Architecture of the biochemical language model

Protein language model for generating embeddings

Sequence embeddings should capture distributions of vast numbers of amino acid sequences of proteins, residue frequencies, and positional dependencies. Hence, they should implicitly encode characteristic features related to biophysical properties, structure, and function. For our study, we adapted as model component 1 the pre-trained ProtT5XLUniref50 PLM from ProtTrans [29] with default dimensionality of 1024. ProtTrans PLMs were originally derived based on ultra-large sequence data sets from UniRef [34] and BFD [35], comprising up to 2122 million proteins and 393 billion amino acids. Each protein sequence was initially tokenized and then subjected to positional encoding. The resulting vector was processed to generate context-aware embeddings for each input token (amino acid). These embeddings, extracted from the last hidden state of a PLM's attention stack, were concatenated and pooled along the length dimension. This pooling approach generated a fixed-size embedding, regardless of the input length [29]. ProtTrans embeddings are considered one of the pioneering developments in the field. In our work, ProtT5XLUniref50 protein embeddings of constant dimensionality were generated for each target and concatenated with conditional token embeddings representing compound potency values (see below). The resulting combined embedding vectors provided the input for the encoder of the conditional transformer (model component 2). The ProtTrans PLM was only used for calculating protein sequence embeddings and not involved in model derivation, optimization, or fine-tuning.

Conditional transformer

The architecture of the conditional transformer was adapted from our previous study predicting highly potent compounds from weakly potent templates [15] and modified for generative design of compounds based on sequence data. The transformer was implemented using PyTorch [36]. It consisted of three encoder and three decoder modules with self-attention mechanism. Each encoder module included a multi-head self-attention sub-layer and a fully connected feed-forward neural network sub-layer. The encoder converted the input embedding into a context vector in its final hidden state, serving as input for the decoder. Each decoder contained two multi-head self-attention sub-layers and a feed-forward sub-layer. It transformed the context vector into a sequence of tokens. The masked self-attention sublayer processed the output of the preceding attention sub-layer to prevent translation errors. Compounds were predicted from a given protein sequence embedding conditioned on desired potency via the following triple:

(Protein sequence embedding, Potency embedding) → (Compound).

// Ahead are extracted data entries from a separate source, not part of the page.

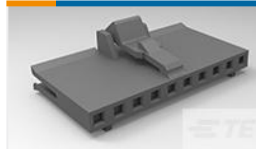
TE 系列/零件编号487526-8 009 HOUSING FFC RCPT 100CL SR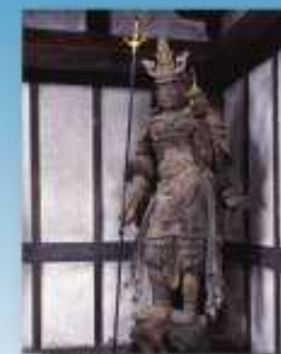
重要文化財 木造聖母天立像 (石山寺 大津市)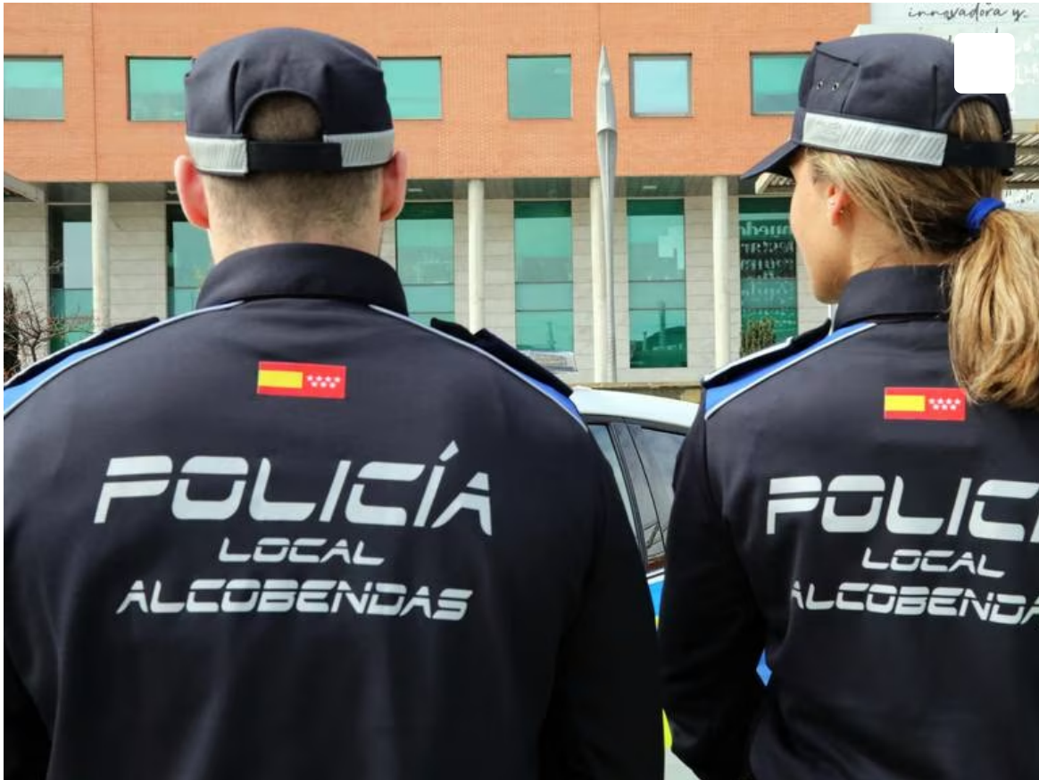
Agentes de la Policía Local de Alcobendas

Se pretenden minimizar especialmente los robos en viviendas y establecimientos, cuando sus dueños se encuentren de vacaciones fuera de la ciudad

For a given protein sequence, representation vectors of the sequence embedding were initially computed using the ProtTrans PLM. Subsequently, the output protein embedding was concatenated with the potency embedding, forming combined representations as input for transformer encoder that were converted into a latent representation. The decoder then iteratively generated an output SMILES sequence until the stop token was obtained. Multinomial sampling was employed to increase output diversity during decoding (hence, in this case, the chemical diversity of candidate compounds). Conditional probabilities for SMILES tokens were derived by the Softmax function of the decoder.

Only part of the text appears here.